You glance through the window back at the dance floor, and your eyes find her: the golden beauty of the hour, dancing amongst a cluster of teenage girls who are just beginning to come out of their awkward stages. She’s the kind of girl whose white-blonde curls are forever immortalized in volumes of romantic prose. And she’s dancing. Her movement is careless and loose, radiating innocence and joy. You watch her and you love it. You love her. She flails around, giggling, and you laugh along with her.
Do you even remember how much you drank tonight?

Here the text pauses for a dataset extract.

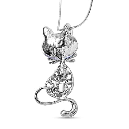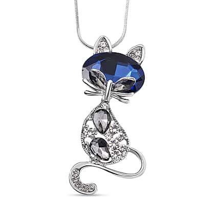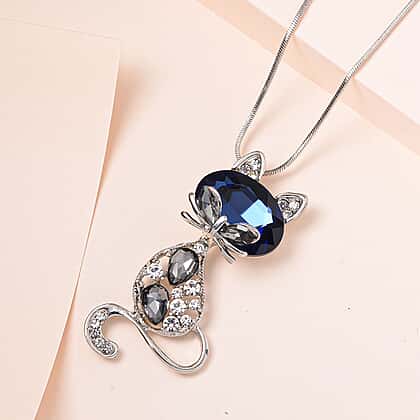 White, Grey & Blue Austrian Crystal Cat Pendant with Chain (Size - 24) in Silver Tone

Enough to make a complete idiot of yourself, you're reminded. You cringe as you try to remember the incident that occurred only minutes ago – the transcript of which you imagined would go very differently. You replay the scene in your mind:
You jerk up to her, sloppily draping an arm around her shoulder. As you pull her in to whisper in her ear, she smells the booze on you - it offends her. You take no notice. You coarsely brush her hair out of the way, and murmur what you think is the smoothest line in human history. What does she hear?
“Heyyyy, baby. Why don’tcha c’mon ovah heeeere and dance wit' me?”
She politely excuses herself, leaving you drowning in a sea of girlfriends, all pretending not to see you. Out of the corner of your eye, though, you notice them snickering as they play with the ends of their meticulously-straightened hair. Your cheeks start to burn as you mutter something incomprehensible and scamper away.
You remember that last part plenty clearly.
So, here you are. A twenty two-year old man, drunk and cold, pining away after some sixteen-year old girl.
You loosen your bow-tie and undo your apron.
You really have to stop drinking on the job.